Wednesday, June 01, 2022

Top Gun: Maverick - A Fanboy's Pilgrimage To The Theatres

"Maverick is re-engaging", three words that are akin to the eponymous "At the stroke of the midnight hour….." for an Indian Mil-avia fanboy. In real-life, a renewed thrust towards achieving something that isn't going as per intent, evokes a "Maverick is re-engaging" euphoria. "Rooster is re-engaging", on the other hand, sounds like a tortured poseur.

As an unabashed 'Top Gun' fanboy, this writing makes no attempt at paying obeisance to the "objectivity Gods". The release of the latest film, 'Top Gun: Maverick' has been a manna. Watching Captain Pete "Maverick" Mitchell strapped to an F/A-18E/F Super Hornet, stress testing it's Airframe by performing edge-of the envelope manoeuvres, critical to mission success, was a 3 hours long experience in 'high'. Being able to watch it on the big screen felt like an answer to a multi-decade long prayer.

The makers of the movie, we learn, spared no effort at triggering the thrill that the audience went in to experience. A coincidence it is, that Boeing is in town with it's Super Hornets, courting Indian acquiescence to place it atop Indian Navy Aircraft Carrier.

What stuck out sorely in the movie, however, was the inability of it's makers to name the belligerent. The first installation, released in midst of the Cold War, suffered no such compunctions. Even if the aircraft, MiG-28, was fictional, the Soviets, as the adversary were not. Here, an unnamed country is surreptitiously pursuing activity in an unnamed location, under the protective envelope of unnamed 5th generation fighter aircraft. Too many unnamed, the film contends with.

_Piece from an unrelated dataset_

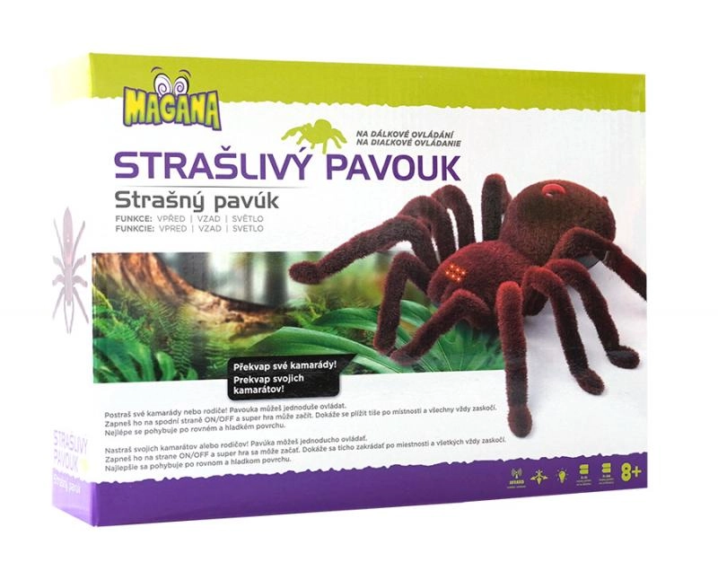 Pavúk sa realisticky plazí a jeho oči aj zadoček svietia, takže je v tme ešte desivejší a zábavnejší.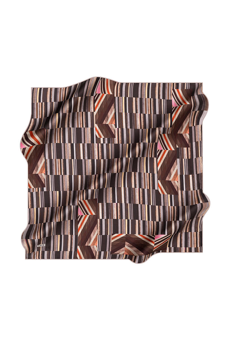 Geometrik Desenli 90X90 İpek Krep Saten Eşarp

It, however, doesn't strain the brain to deduce that the Top Guns were gunning to violate the Kashtari airspace because it's leader, Prime Minister Bharath was playing hooky with the UN. After all, who else is the only current operator of the Russian Sukhoi Su-57 FGFA while continuing to fly F-14 Tomcat, that plays a pivotal role in the second instalment too. The snow-covered landscapes were another give-away.  Also subjugating incredulity, pilots ejecting out of experimental hypersonic test-beds & supersonic aircraft  & getting back into the cockpit within days.

The movie attempts at triggering déjà vu, by recreating numerous scenes that mirrors from the 1st. The trademark beach volleyball scene from the first film has a corresponding visual where the officers get into a tumble on the beach playing American Football. Missing is a Rick Rossovich analogous flexing his torso in slo-mo. Similarly, the scene where Maverick visits the home of his Commander Mike Metcalfe & learns about the heroics of his father, casts it's spell in the second when he visits the house of his Top Gun course-mate & now superior officer, Admiral Tom "Iceman" Kazansky.

As a showcase of a Jerry Bruckheimer movie, 'Top Gun: Maverick' could well be his show-reel. The stylisation, production value, the raw untempered display of adrenalin rush, that typify a Jerry Bruckheimer film, have been cranked up many notches higher in this instalment to give movie-goers breathless 3 hours of entertainment.

As far as Masala Movies go, Top Gun: Maverick is a Michelin-rated destination for savouring masala.